(SOURCE RECORDS)

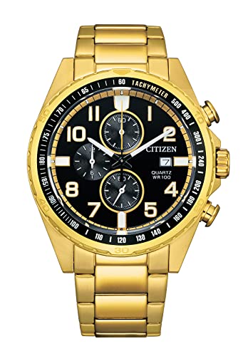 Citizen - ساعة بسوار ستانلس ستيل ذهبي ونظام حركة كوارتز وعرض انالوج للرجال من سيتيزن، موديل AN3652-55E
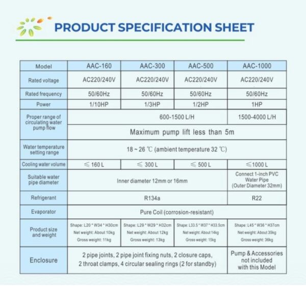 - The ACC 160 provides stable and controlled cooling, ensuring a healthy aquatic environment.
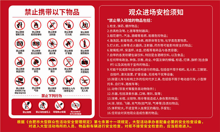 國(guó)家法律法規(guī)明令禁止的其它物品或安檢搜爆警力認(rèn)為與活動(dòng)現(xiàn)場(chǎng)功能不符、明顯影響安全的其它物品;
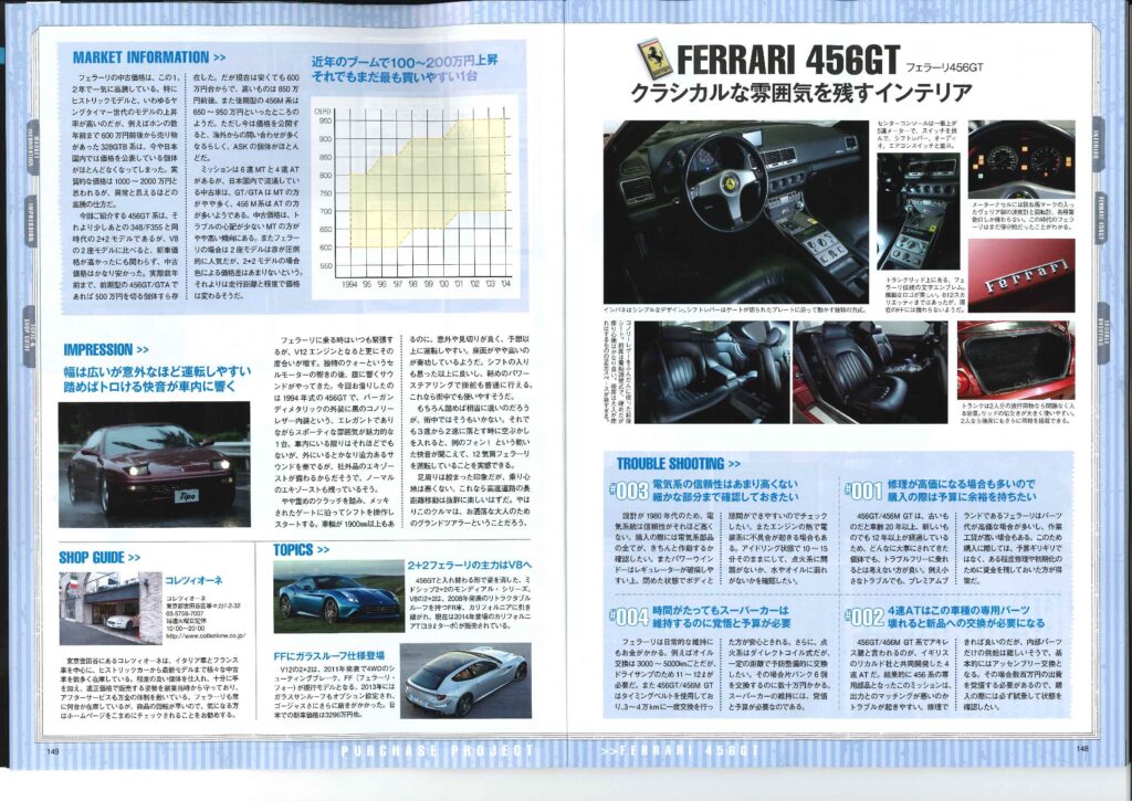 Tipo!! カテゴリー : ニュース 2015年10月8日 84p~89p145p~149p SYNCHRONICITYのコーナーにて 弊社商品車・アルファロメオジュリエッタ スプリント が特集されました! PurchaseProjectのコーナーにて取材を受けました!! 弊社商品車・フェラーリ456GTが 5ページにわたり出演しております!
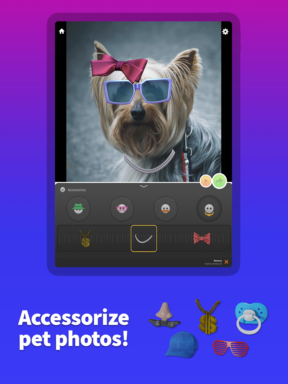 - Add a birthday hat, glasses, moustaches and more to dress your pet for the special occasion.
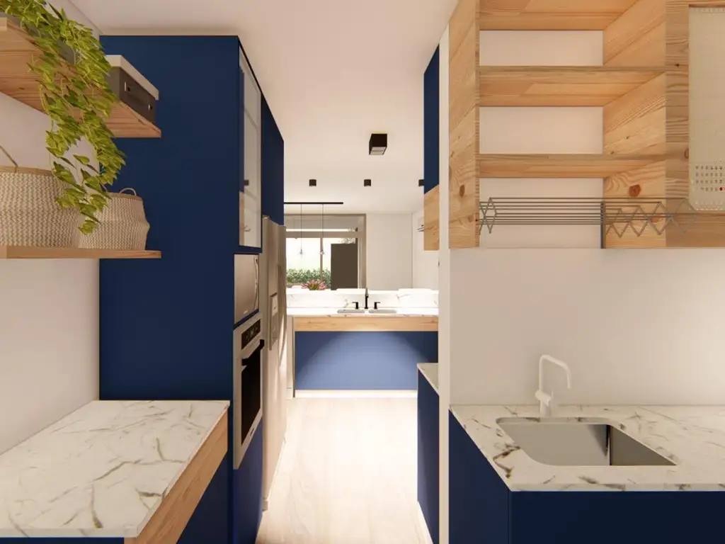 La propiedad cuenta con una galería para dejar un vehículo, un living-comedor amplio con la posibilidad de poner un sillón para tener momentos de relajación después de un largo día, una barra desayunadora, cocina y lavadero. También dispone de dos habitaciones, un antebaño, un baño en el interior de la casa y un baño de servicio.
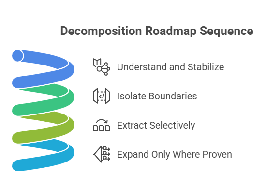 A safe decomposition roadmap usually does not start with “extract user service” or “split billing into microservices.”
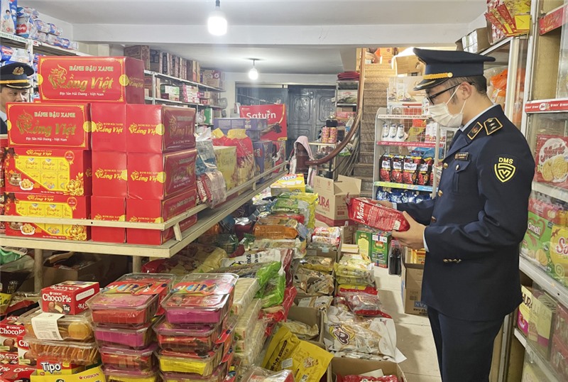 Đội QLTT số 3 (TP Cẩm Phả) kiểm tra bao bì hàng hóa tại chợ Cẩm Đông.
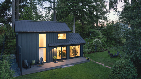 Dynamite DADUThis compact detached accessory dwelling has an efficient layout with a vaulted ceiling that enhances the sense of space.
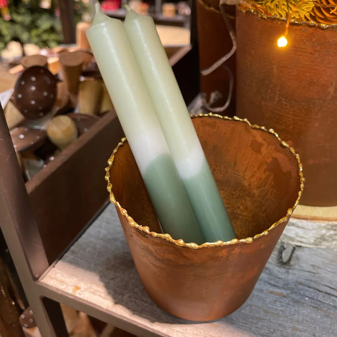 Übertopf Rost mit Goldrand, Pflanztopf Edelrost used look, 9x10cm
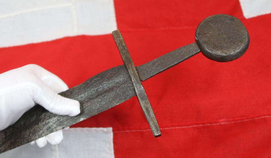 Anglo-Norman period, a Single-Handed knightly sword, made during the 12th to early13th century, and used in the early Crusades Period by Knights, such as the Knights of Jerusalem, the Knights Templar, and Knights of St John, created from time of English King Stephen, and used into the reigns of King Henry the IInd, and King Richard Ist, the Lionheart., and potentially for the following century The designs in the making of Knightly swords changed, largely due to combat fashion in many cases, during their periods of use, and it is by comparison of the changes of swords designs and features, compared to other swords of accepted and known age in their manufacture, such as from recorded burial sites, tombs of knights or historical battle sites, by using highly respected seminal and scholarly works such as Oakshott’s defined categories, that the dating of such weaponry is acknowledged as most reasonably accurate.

(End SOURCE RECORDS)
(SOURCE RECORDS)

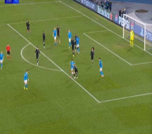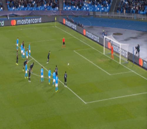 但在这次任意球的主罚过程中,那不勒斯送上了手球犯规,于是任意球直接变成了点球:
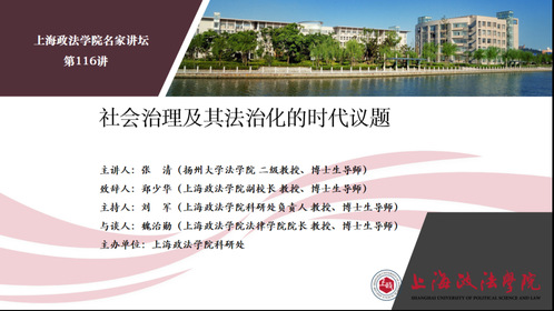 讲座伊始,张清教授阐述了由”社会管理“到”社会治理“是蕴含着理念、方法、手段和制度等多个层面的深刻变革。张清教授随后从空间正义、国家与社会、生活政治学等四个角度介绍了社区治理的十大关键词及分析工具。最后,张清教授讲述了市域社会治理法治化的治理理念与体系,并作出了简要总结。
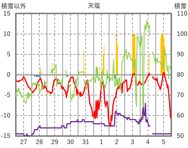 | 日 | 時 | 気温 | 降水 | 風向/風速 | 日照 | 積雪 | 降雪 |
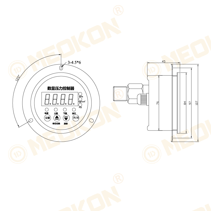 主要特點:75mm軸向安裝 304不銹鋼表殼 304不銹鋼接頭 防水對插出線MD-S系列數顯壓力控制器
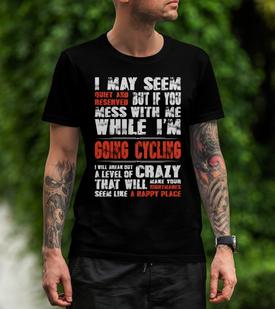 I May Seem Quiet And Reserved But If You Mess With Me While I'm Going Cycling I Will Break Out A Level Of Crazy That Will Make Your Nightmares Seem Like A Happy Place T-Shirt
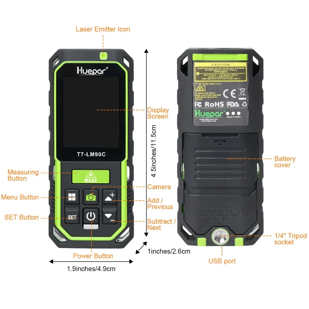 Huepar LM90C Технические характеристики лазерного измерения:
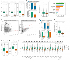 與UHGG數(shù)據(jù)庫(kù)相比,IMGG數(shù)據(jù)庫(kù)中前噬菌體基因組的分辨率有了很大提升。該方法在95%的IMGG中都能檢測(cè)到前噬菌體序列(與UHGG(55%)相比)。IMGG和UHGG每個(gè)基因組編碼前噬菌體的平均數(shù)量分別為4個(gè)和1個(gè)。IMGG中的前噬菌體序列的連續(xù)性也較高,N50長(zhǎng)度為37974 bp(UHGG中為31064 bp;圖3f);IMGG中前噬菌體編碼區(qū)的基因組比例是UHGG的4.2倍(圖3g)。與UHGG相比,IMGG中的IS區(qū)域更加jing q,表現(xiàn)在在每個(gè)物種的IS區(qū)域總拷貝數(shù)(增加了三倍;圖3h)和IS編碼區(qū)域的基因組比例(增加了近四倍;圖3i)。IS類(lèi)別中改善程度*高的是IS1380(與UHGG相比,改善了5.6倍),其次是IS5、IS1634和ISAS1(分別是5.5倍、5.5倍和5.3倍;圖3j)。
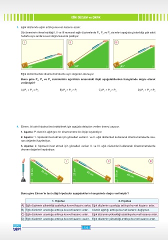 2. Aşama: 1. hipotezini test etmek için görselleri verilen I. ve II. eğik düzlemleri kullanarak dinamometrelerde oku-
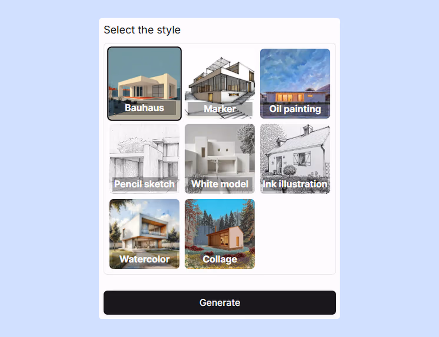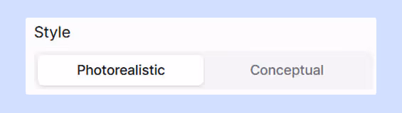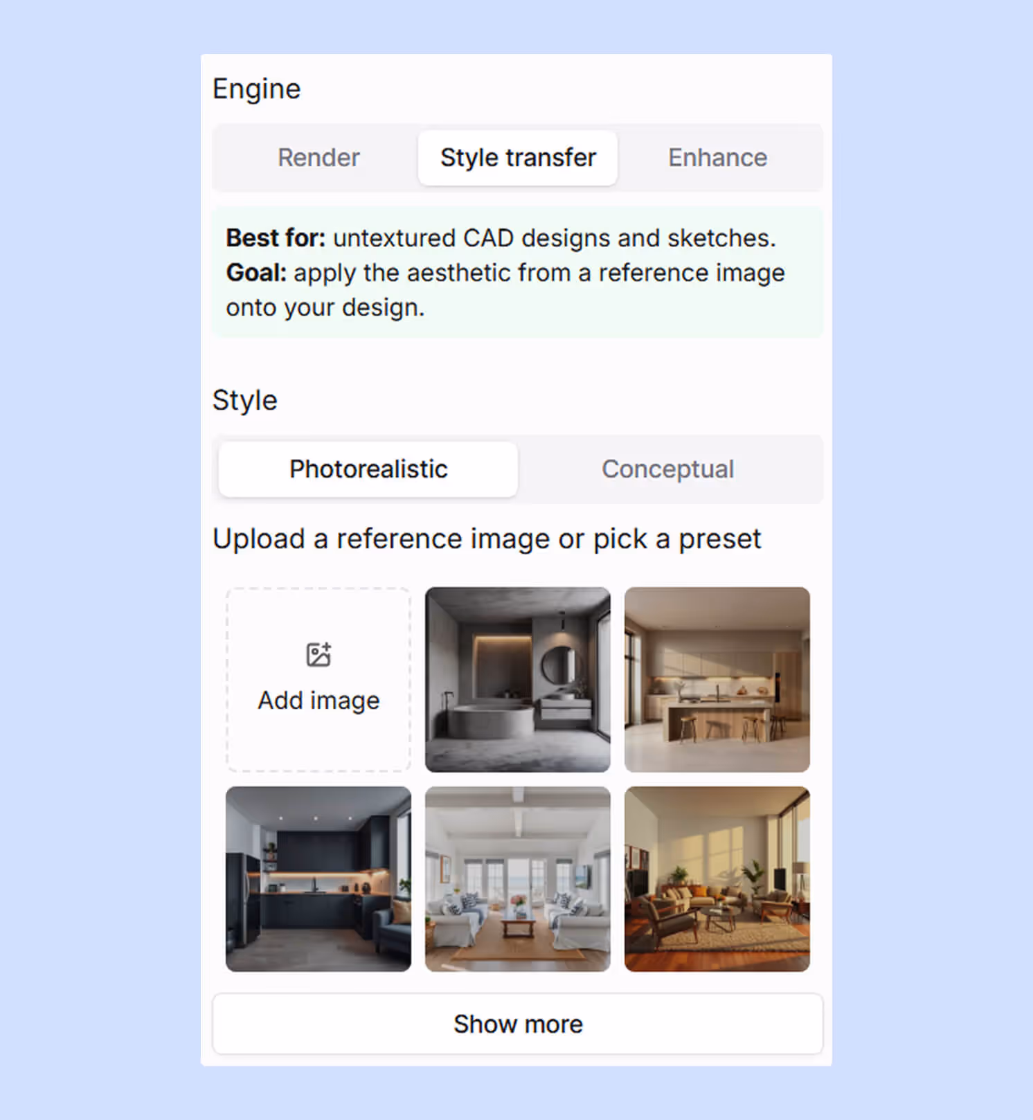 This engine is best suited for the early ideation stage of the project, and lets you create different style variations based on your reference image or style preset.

(End SOURCE RECORDS)
(SOURCE RECORDS)

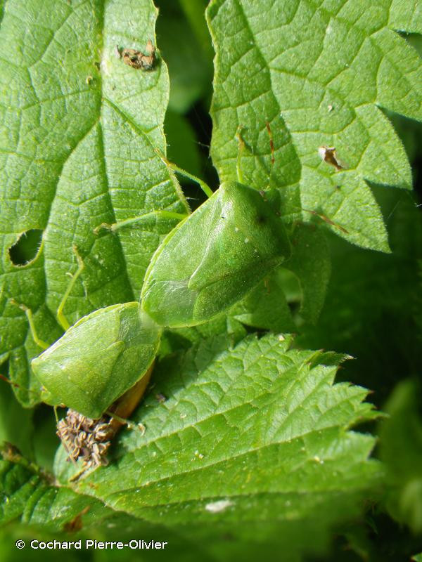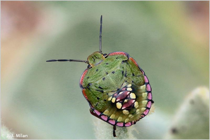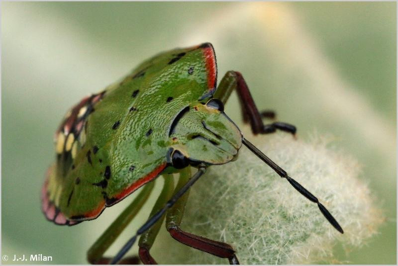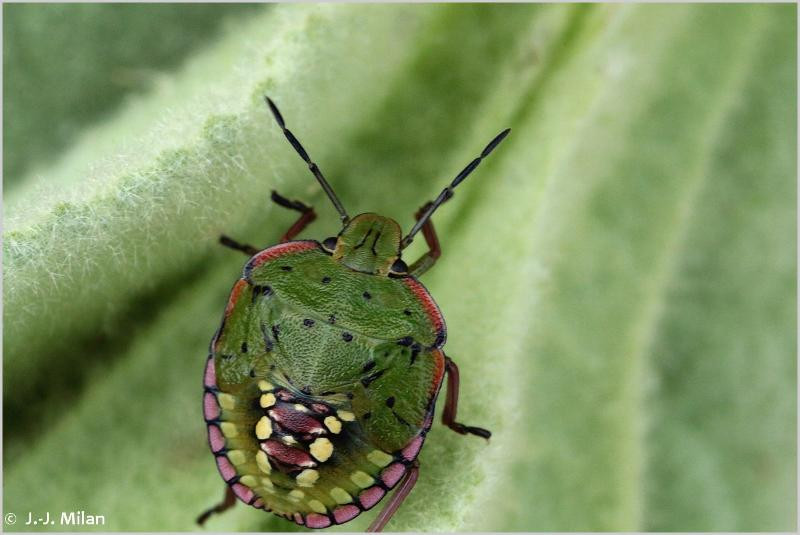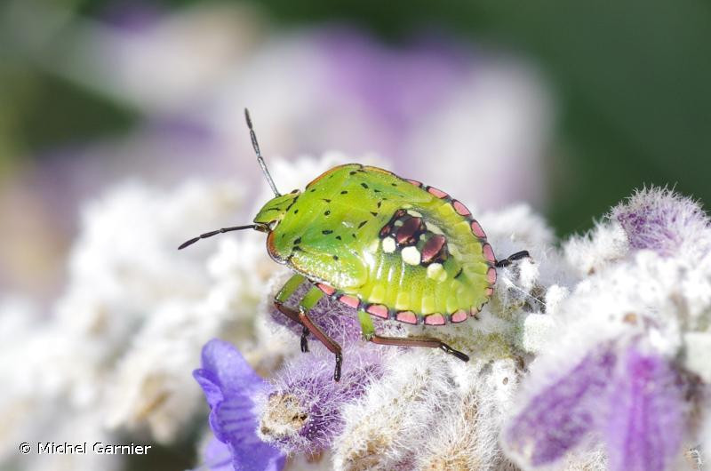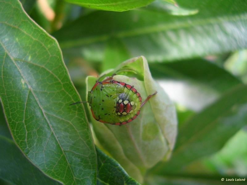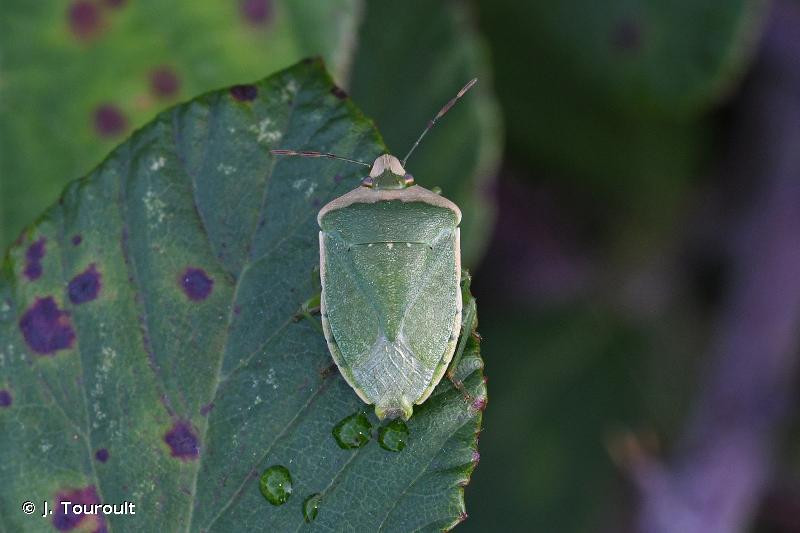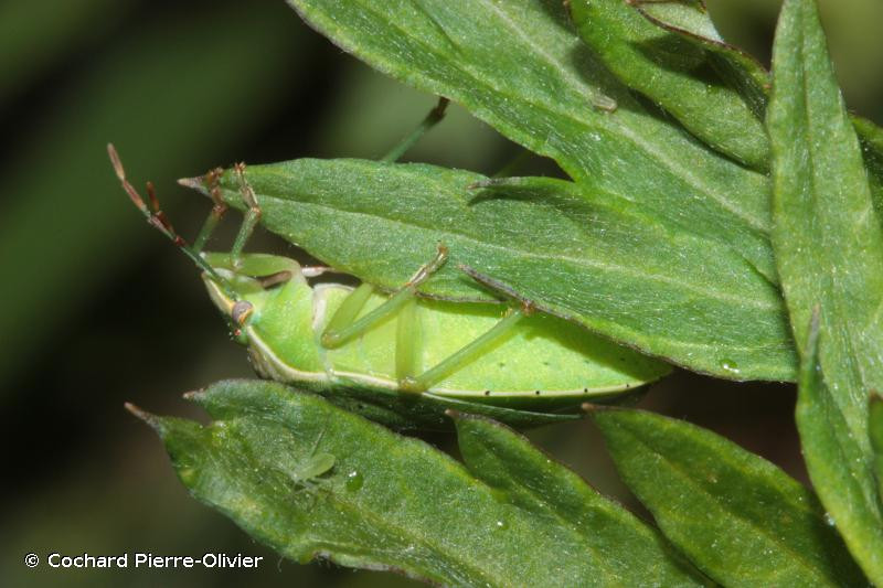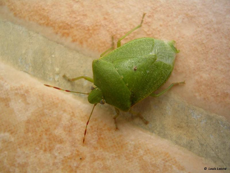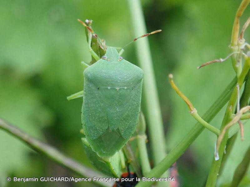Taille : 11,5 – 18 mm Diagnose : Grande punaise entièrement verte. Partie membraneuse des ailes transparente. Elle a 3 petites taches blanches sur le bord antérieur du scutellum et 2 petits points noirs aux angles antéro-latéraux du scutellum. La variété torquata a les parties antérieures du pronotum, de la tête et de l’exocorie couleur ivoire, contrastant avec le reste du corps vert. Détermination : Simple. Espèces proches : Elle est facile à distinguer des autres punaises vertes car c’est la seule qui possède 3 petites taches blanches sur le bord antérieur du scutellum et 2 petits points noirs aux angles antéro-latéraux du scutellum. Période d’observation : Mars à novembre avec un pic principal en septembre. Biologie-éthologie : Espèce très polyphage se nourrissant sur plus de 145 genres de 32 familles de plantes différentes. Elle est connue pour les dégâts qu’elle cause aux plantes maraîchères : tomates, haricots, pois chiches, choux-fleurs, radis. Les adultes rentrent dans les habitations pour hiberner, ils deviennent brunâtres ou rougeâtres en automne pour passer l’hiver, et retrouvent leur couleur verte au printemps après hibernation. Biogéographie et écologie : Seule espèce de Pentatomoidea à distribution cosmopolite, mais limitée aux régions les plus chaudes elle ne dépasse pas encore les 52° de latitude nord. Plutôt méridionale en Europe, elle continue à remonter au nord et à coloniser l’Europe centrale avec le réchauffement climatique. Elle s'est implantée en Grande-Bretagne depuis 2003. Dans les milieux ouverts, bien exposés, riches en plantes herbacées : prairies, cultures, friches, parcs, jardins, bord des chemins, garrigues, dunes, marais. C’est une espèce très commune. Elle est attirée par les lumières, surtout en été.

(End SOURCE RECORDS)

EXERCISE
The line holding "Citizen - ساعة" starts the copy and the line holding "Übertopf Rost mit" ends it. Repeat those two lines above and all between them exactly, leaving out pictures.

THE COMPLETED TASK
 Citizen - ساعة بسوار ستانلس ستيل ذهبي ونظام حركة كوارتز وعرض انالوج للرجال من سيتيزن، موديل AN3652-55E
 - The ACC 160 provides stable and controlled cooling, ensuring a healthy aquatic environment.
 國(guó)家法律法規(guī)明令禁止的其它物品或安檢搜爆警力認(rèn)為與活動(dòng)現(xiàn)場(chǎng)功能不符、明顯影響安全的其它物品;
 Tipo!! カテゴリー : ニュース 2015年10月8日 84p~89p145p~149p SYNCHRONICITYのコーナーにて 弊社商品車・アルファロメオジュリエッタ スプリント が特集されました! PurchaseProjectのコーナーにて取材を受けました!! 弊社商品車・フェラーリ456GTが 5ページにわたり出演しております!
 - Add a birthday hat, glasses, moustaches and more to dress your pet for the special occasion.
 La propiedad cuenta con una galería para dejar un vehículo, un living-comedor amplio con la posibilidad de poner un sillón para tener momentos de relajación después de un largo día, una barra desayunadora, cocina y lavadero. También dispone de dos habitaciones, un antebaño, un baño en el interior de la casa y un baño de servicio.
 A safe decomposition roadmap usually does not start with “extract user service” or “split billing into microservices.”
 Đội QLTT số 3 (TP Cẩm Phả) kiểm tra bao bì hàng hóa tại chợ Cẩm Đông.
 Dynamite DADUThis compact detached accessory dwelling has an efficient layout with a vaulted ceiling that enhances the sense of space.
 Übertopf Rost mit Goldrand, Pflanztopf Edelrost used look, 9x10cm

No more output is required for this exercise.